Dia mengatakan Maksimalis memberikan kejelasan moral pada Bitcoin, tetapi mereka masih harus menjawab bagaimana jaringan ini cocok dengan bank, perusahaan, pasar modal, dan pemerintah. Dalam pandangannya, Maksimalisme mendefinisikan tujuan, sementara kelompok lain memperdebatkan jalannya.
Kapitalis Bitcoin memiliki pandangan pasar yang lebih luas. Saylor mengatakan mereka menginginkan Bitcoin di dalam portofolio, neraca, produk kredit, sekuritas, sistem kustodi, dan infrastruktur keuangan global.
Kelompok ini melihat Bitcoin sebagai modal digital. Ini mendukung kas perusahaan, kredit berbasis Bitcoin, kustodi institusional, dan alat lapisan yang lebih tinggi yang membantu Bitcoin menjangkau lebih banyak pengguna.
Saylor mengatakan Teknolog Bitcoin percaya protokol harus terus ditingkatkan. Fokus mereka meliputi skalabilitas, privasi, keamanan, kegunaan, desain dompet, model kustodi, dan ancaman masa depan seperti komputasi kuantum.
Dia juga memperingatkan bahwa perubahan protokol membawa risiko. Lapisan dasar Bitcoin memiliki nilai karena pengguna mempercayai stabilitasnya, jadi setiap perubahan harus memenuhi standar tinggi sebelum jaringan menerimanya.

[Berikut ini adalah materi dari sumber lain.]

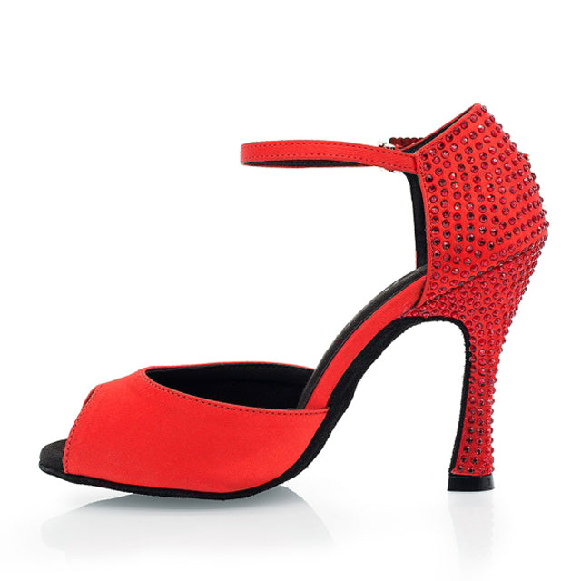 DS Women's Silk Satin Customized Heel Rhinestone Latin Shoes Salsa Shoes Ballroom Dance Shoes

Fundamentalis Bitcoin mengambil kehati-hatian yang berlawanan lebih jauh. Saylor mengatakan mereka berfokus pada penyimpanan mandiri (self-custody), node pribadi, desentralisasi, imutabilitas, dan ketahanan sensor.
Mereka khawatir bahwa bank, pemerintah, kustodian, leverage, dan rekayasa keuangan dapat melemahkan tujuan asli Bitcoin. Saylor mengatakan peran mereka adalah melindungi prinsip-prinsip inti Bitcoin sambil menghindari pandangan adopsi yang tertutup.
Makalah ini muncul di tengah minggu yang menegangkan bagi Saylor dan Strategy. Seperti yang dilaporkan sebelumnya oleh crypto.news, Strategy menjual 32 BTC senilai sekitar $2,5 juta, penjualan Bitcoin pertamanya sejak 2022.
Penjualan itu kecil dibandingkan dengan kepemilikan Strategy, tetapi menarik perhatian karena Saylor telah lama menganjurkan untuk menahan Bitcoin. Laporan terkait juga mengatakan Bitcoin diperdagangkan mendekati $60.000 karena arus keluar ETF dan sentimen yang lemah menambah tekanan.
Latar belakang itu memberikan makalah Saylor sudut pandang pasar yang tepat waktu. Bitcoin tidak lagi hanya jaringan teknis atau alat tabungan pribadi. Kini Bitcoin berada di dalam perusahaan publik, struktur kredit, ETF, dan perdebatan kebijakan.
Pesan terakhir Saylor menyarankan jalur yang beragam. Dia berpendapat bahwa Bitcoin harus melindungi lapisan dasarnya sambil memungkinkan pasar, aplikasi, alat kustodi, dan produk keuangan untuk berkembang di sekitarnya. Dia menyebut jalur itu sebagai ekspansi yang teratur.